Patterns and anti-patterns from shipping AI into real systems.

From the field

Rather than tell you specific stories, I want to share the patterns that keep showing up when teams ship AI features. None of these are unique. All of them are worth knowing about before you hit them yourself.

Patterns that tend to work

  • Suggest, don't act. When the AI proposes and a human approves, the existing review culture does the safety work for you.
  • Route through a PR. If the agent's output is a pull request, you already have audit, review, rollback and CODEOWNERS for free.
  • Scope tightly. A small, well-defined task with a narrow blast radius almost always lands better than a broad, ambitious one.
  • Show your work. Citations, plans and diffs in the UI build more trust than higher accuracy ever will.
  • Have an off switch. Per feature, per tenant, per tool. Tested.

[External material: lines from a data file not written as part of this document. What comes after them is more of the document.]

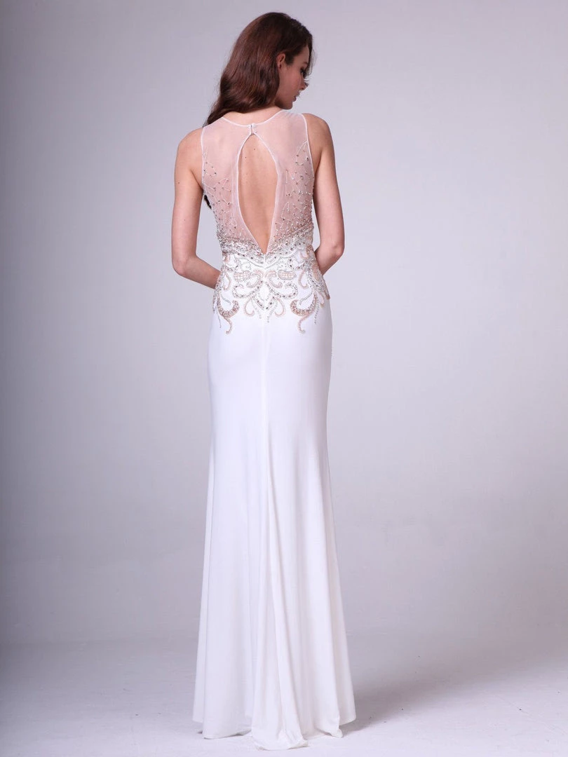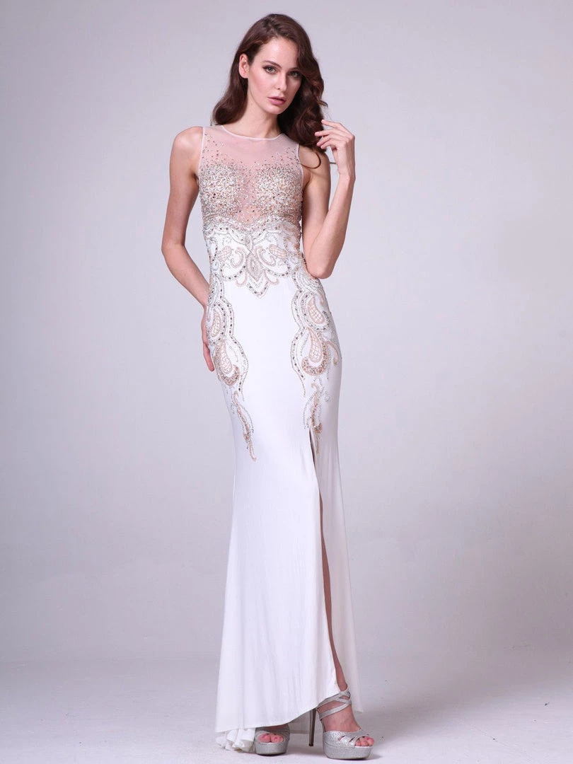 Turn heads in this bead embellished long illusion fitted white dress by Cinderella Divine 8735.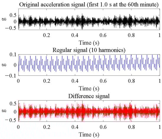 Decomposition of the TSA vibration signal into regular and difference components.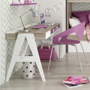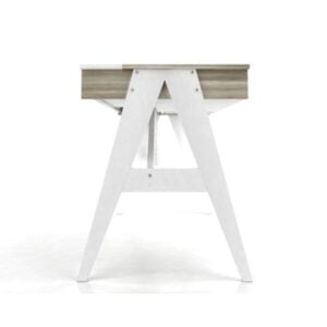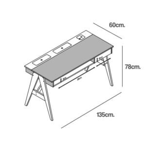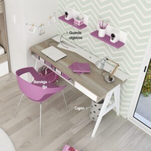 Un mueble versátil con mucho diseño y muchísima funcionalidad. Bandeja inferior porta notebook/libros, cajón con guías metálicas, gavetas traseras y pasa-cables.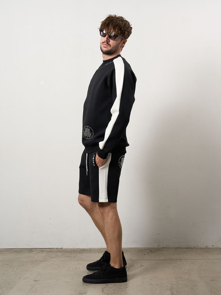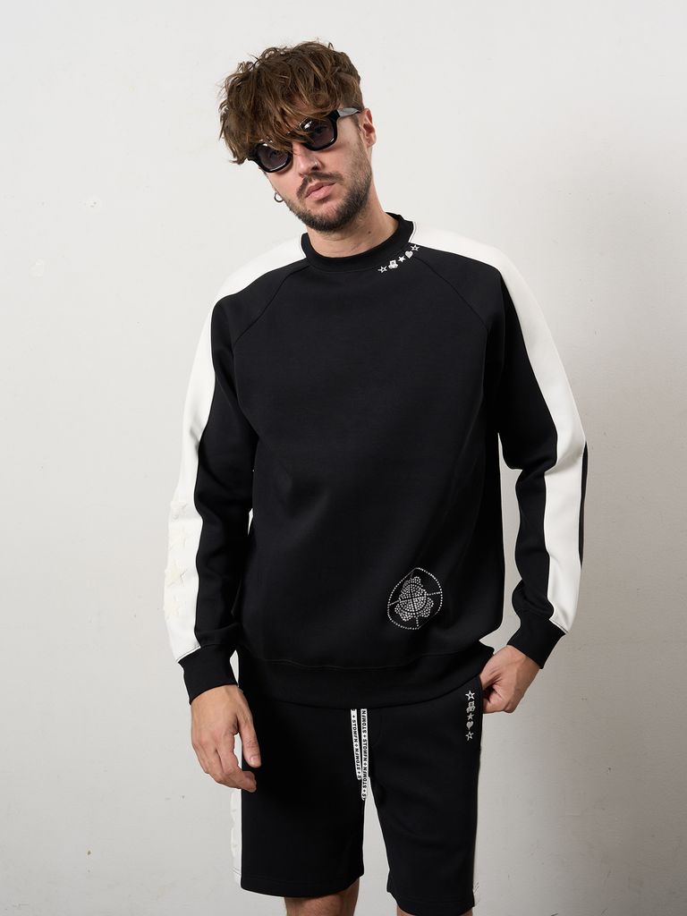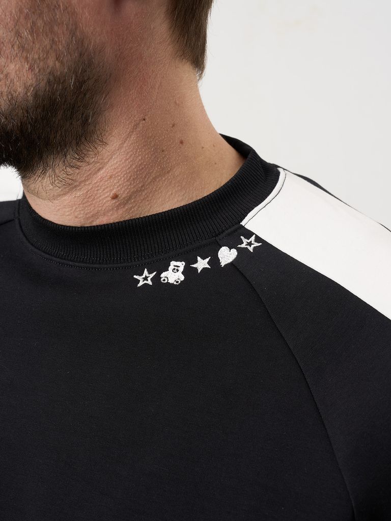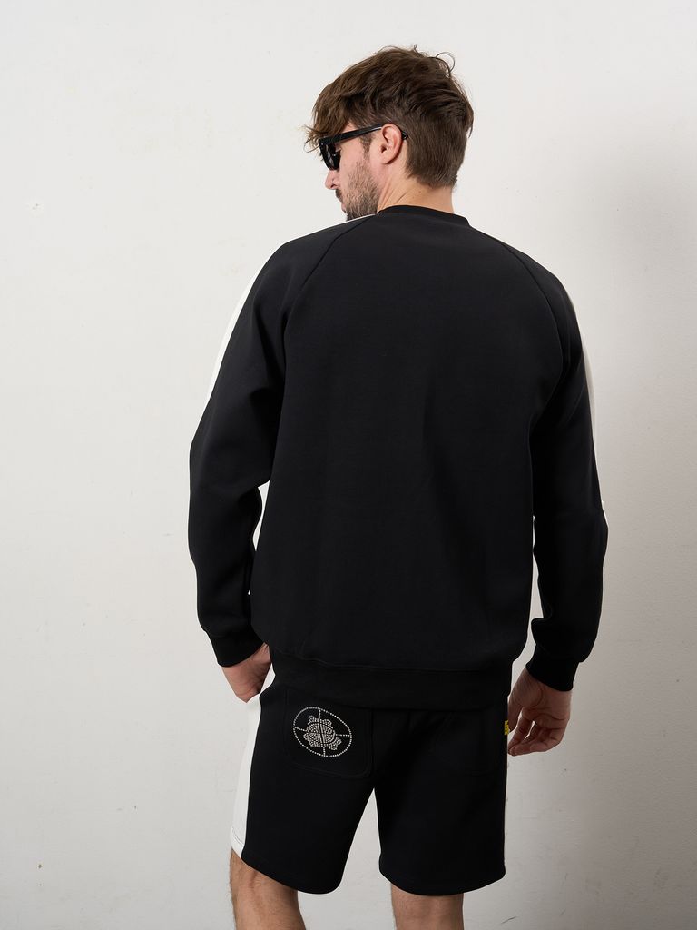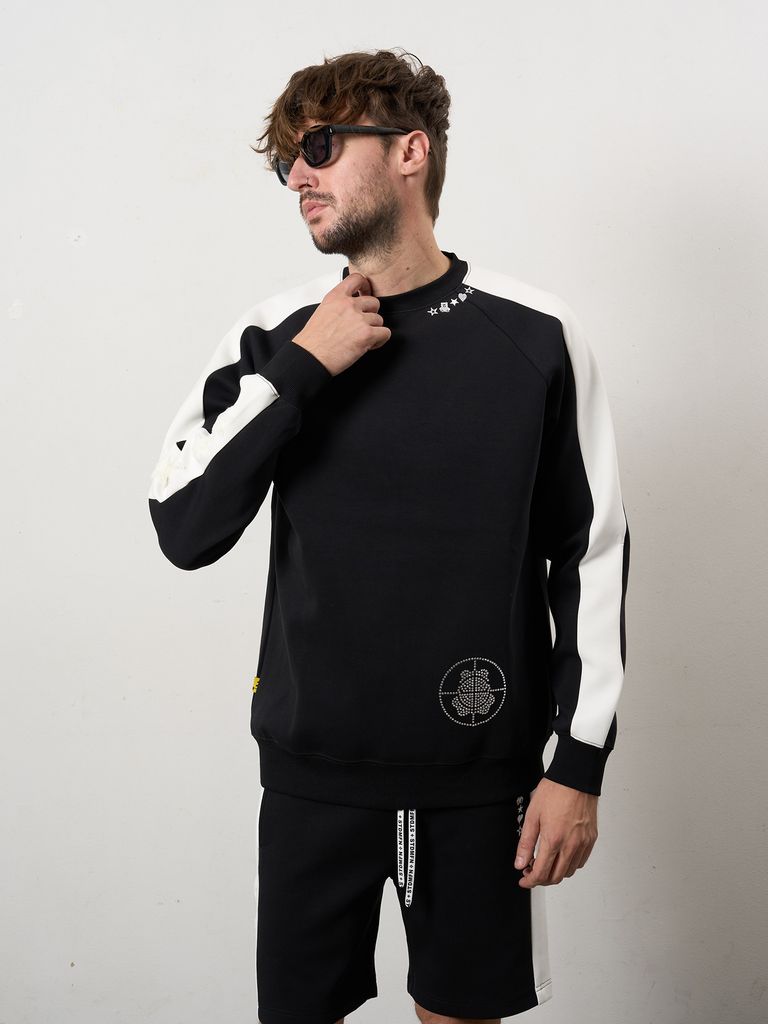 【予約品 10月16日(木) 締切】TRストレッチポンチ ラインストーン ターゲットベア ラインスエットシャツ / ブラック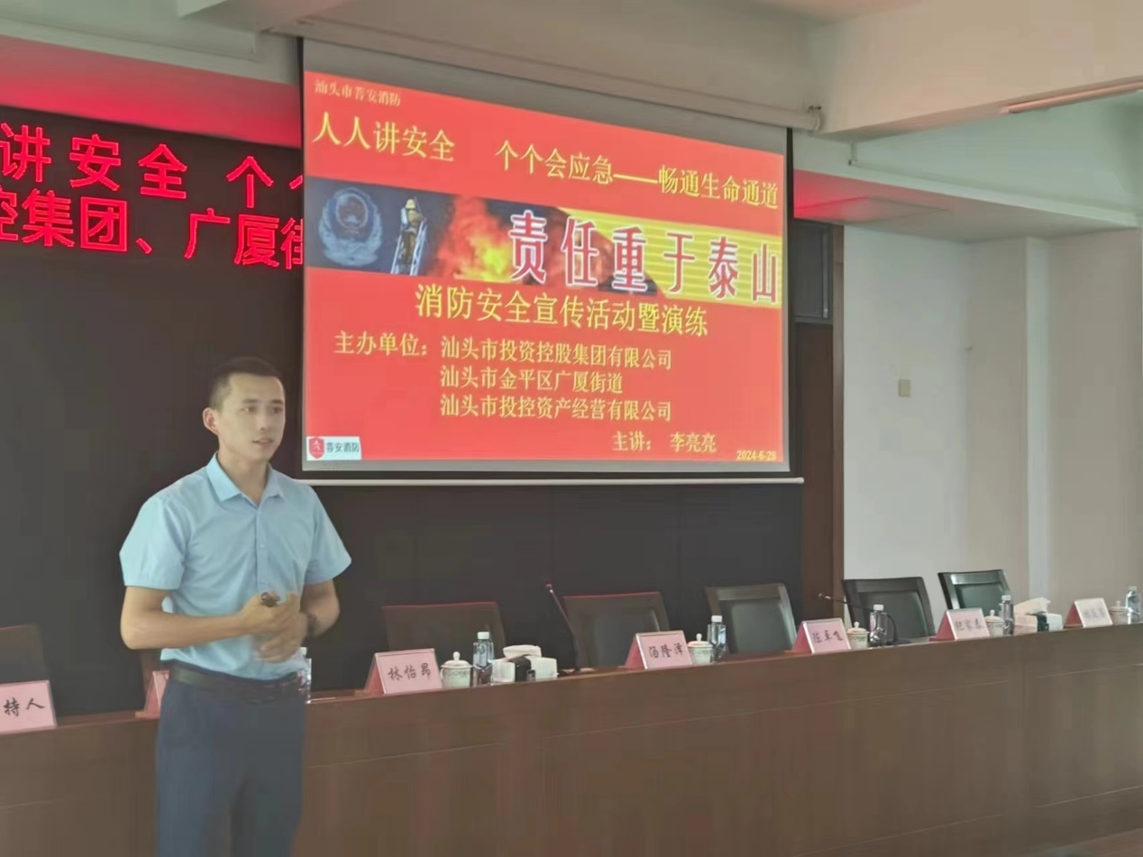 為進一步增強員工消防安全意識和避險逃生能力,結(jié)合汕頭市深化新時代文明單位創(chuàng)建,近日,汕投控集團和下屬企業(yè)汕頭市投控資產(chǎn)經(jīng)營有限公司聯(lián)合廣廈街道以“人人講安全、個個會應急——暢通生命通道”為主題,開展集中觀看“安全生產(chǎn)月”主題宣傳和事故警示教育片、舉辦“全民安全公開課”和應急演練等安全生產(chǎn)教育系列活動。公司各部門、各項目物業(yè)服務中心和廣廈街道各社區(qū)居委會共計100余人參加活動。

Anti-patterns to watch for

  • Approval theatre. A human is "in the loop" but couldn't realistically review every item in the stream.
  • No blast-radius thinking. An automation is given the power to take an action it can't reasonably undo.
  • Silent drift. A model or prompt change ships and nobody notices the behaviour shifted because there were no evals.
  • Hidden AI. Users can't tell they're talking to an AI, or can't tell which parts of the experience were generated.
  • One-way decisions. The system can act, but the user has no path to challenge, correct or appeal.

A useful frame

The system is the unit of reliability, not the model.

The same model can be safe in one product and unsafe in another. The thing you're shipping is the system around the model: the prompts, the tools, the guardrails, the UI, the review process, the rollback. That is what you are accountable for.